Columbia resident Dimarco Williams, who spoke during the demonstration Tuesday, shared his interpretation of what Floyd may have been feeling during his final moments.

“Just look around; nobody had to come out here at all,” Williams said. 

“Everybody got up this morning and made the decision [to] go do this, because guess what: it could have been your son. This man cried for his mom. When a grown man cries for his mom, that's serious.”

Williams continued, visibly disturbed by the scene he was describing.

“His mom has been dead for two years, so by him calling on her, you know what I thought,” Williams posed. “He was on his way. He was on his way, and he was letting his mom know, 'I'm coming.' If you don't see nothing wrong with that, something has got to be wrong with you.”

As Williams continued to speak, a passing motorist on Main Street shouted “bullshit!”

“See, that's what I'm talking about — block that out,” Williams said. 

“If it would have been a black man officer on a white guy, I'd still be out here! Like I said, I love everybody; black lives matter, white lives matter, we've got to quit being about this race thing."

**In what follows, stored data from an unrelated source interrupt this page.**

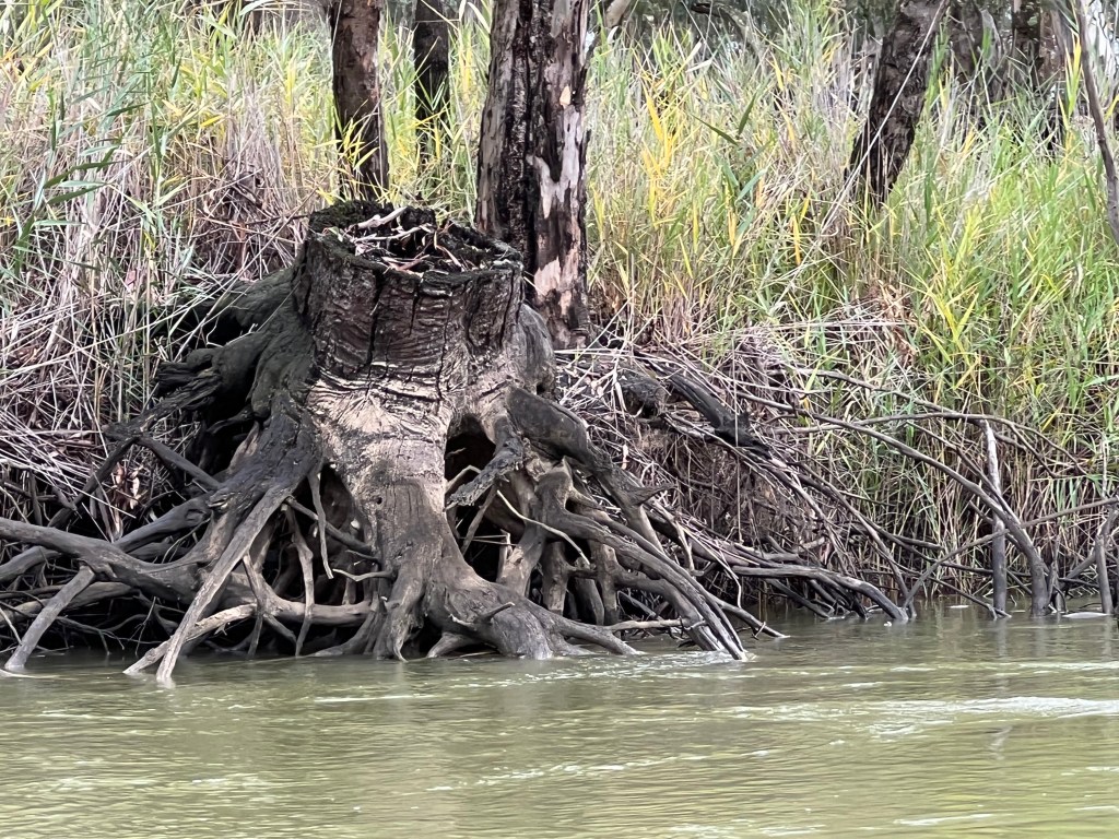 We had stumbled over the Cadell fault line! So what you might say! This fault is particularly important in the geological history of the Murray River. Now, if I am losing any of my dear readers here then I am sorry. Allthego likes a bit of geology and geography! I have had a brief look at Wikipedia to check up on this stuff. After all we are following the river and a little bit of geology want hurt, I hope. The Murray is about 130 million years old, having formed when the great inland seas receded from the interior. Some 25 million years ago there was a great continental uplift that gave rise to the fault and ridge line. The fault line runs from Deniliquin in NSW down to Echuca in Victoria. It cut right through the Murray and the river’s course was diverted into a number of channels and lake systems, creating the flood plain. Almost like an inland delta. The perfect habitat for the red gums!
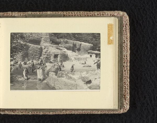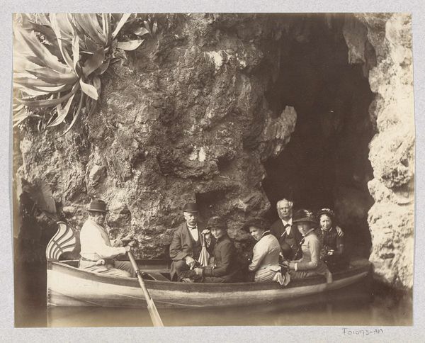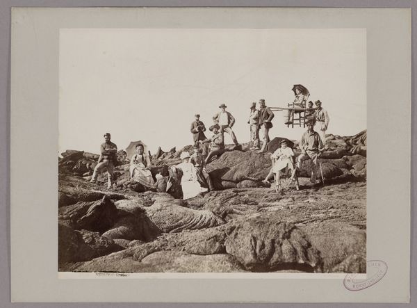This photograph, 'Groep mensen zittend op rotsen met parasols,' was produced by Constant & A. Lory Peigné. It's an albumen print, a process invented in 1847, which renders the image from an emulsion of egg white. The result is a glossy surface that gives the photograph a distinctive richness and depth, evident in the tonal variations of the rock formations. The albumen print process was laborious, demanding skill and precision in coating the paper, exposing the print, and then developing it. The presence of parasols suggests a leisure context, hinting at the emergence of photography as a medium associated with tourism and the middle class. The photograph is an object of material culture, capturing a moment in social history. Understanding the material and techniques used gives us more insight into the cultural context in which it was made, questioning the boundaries between photography as a commercial enterprise and as a form of artistic expression.
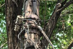 图8:齐贤北街木质电线杆顶部遗留的陶瓷绝缘子
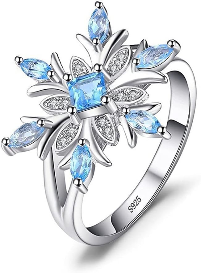 1X Women Jewellery Ring Silver Christmas Snowflake Blue Crystal Wedding Party Thumb Knuckle Ring Love Gift Size 8 Durable and Useful Deft and Fashion

"So to have these youngsters out here, this is beautiful. These young ones right here, they're the ones that are going to be the next police officers, judges, everything, so we don't want to breed hate into them — we can't.”

Dez Edmundson, another speaker at the demonstration, could be seen lying on the ground with his hands behind his back — a pose reminiscent of Floyd’s last moments. A second participant would lie down alongside Edmundson, assuming the same position.

Before too long, dozens of participants would do the same, creating a line of demonstrators lying on their face along Main Street, all of them chanting “I can’t breathe.”

One person in attendance, Spring Hill resident Milton Prowell, was no stranger to the fight for equality and civil rights.

“I attended Martin Luther King's funeral in 1968,” Prowell said. “I had just turned 21 and bought a new car, and I was fortunate enough to go down to his funeral. To see what happened then, and then come back to Tennessee and see the same thing here... it hurts. But things have changed. You’ve got to have unity; [you’ve got to] live and let live.”